“Authors Robert Rohde and Richard Muller, of the research organization Berkeley Earth, calculated that outdoor air pollution contributes to 1.6 million deaths in China every year, or 4,400 per day."
“Researchers at Berkeley have used Google Maps and new data on China's air pollution to create a near real-time visualization of the country's air quality. The online map is based on findings that the scientists published last month in the journal PLoS One.
The study is based on hourly air quality measurements from 1,500 sites across China and Hong Kong over a four month period last year. During that period (April to August 2014), 92 percent of China's population experienced more than 120 hours of "unhealthy air," based on US standards, while 38 percent were exposed to average concentrations that were unhealthy. Authors Robert Rohde and Richard Muller, of the research organization Berkeley Earth, calculated that outdoor air pollution contributes to 1.6 million deaths in China every year, or 4,400 per day.” [Source: CNNMoney, September 21, 2015 at bit.ly/1jPcoRh.]

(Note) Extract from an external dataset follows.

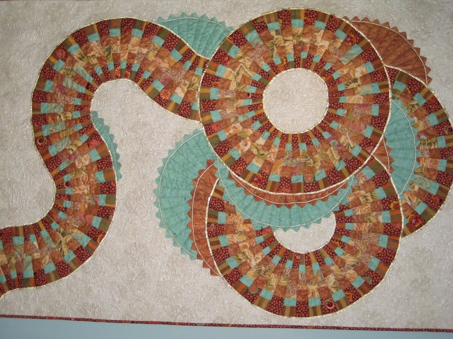 ebsher Esplanade - I took a technique class, using the wedge ruler, from my local quilt shop. In the class I learned to create wedges and turn them in any direction I wanted. After trying many twists and turns, i came upon the one I liked best. It reminded me of a path through a park that I had walked as a child. My mother called that path "The Esplanade" , therefore the name. It was displayed at our guild's exhibit in Homestead and was one of the quilts shown on the flyer to advertise the exhibit. It hangs on the wall in my livingroom. I am very proud of the machine quilting on it as I did it on my home sewing machine.

Regardless of their source, air quality does not respect national boundaries. The World Health Organization (WHO) reported in May 2016, that "More than 80% of people living in urban areas that monitor air pollution are exposed to air quality levels that exceed WHO limits. While all regions of the world are affected, populations in low-income cities are the most impacted."
So, while the first round of rapid development is considered over in the so-called developed world, all species on this planet face the consequences of next round of various kinds of pollution from rapidly developing and emerging nations in Asia, Africa and Latin America. This round of rapid development presents even greater challenges than previous cycles because we are now expecting an average of 87 million new human inhabitants each year---each human bringing a demand for personal opportunity and prosperity.
Is this data on air-pollution-related death representative of the situation that people face in China? If so, can the government and people of China change attack the underlying causes in time? What of the other nations that are going through the same rapid development cycle as China? How can we, acting individually and together, meaningfully contribute to a solution?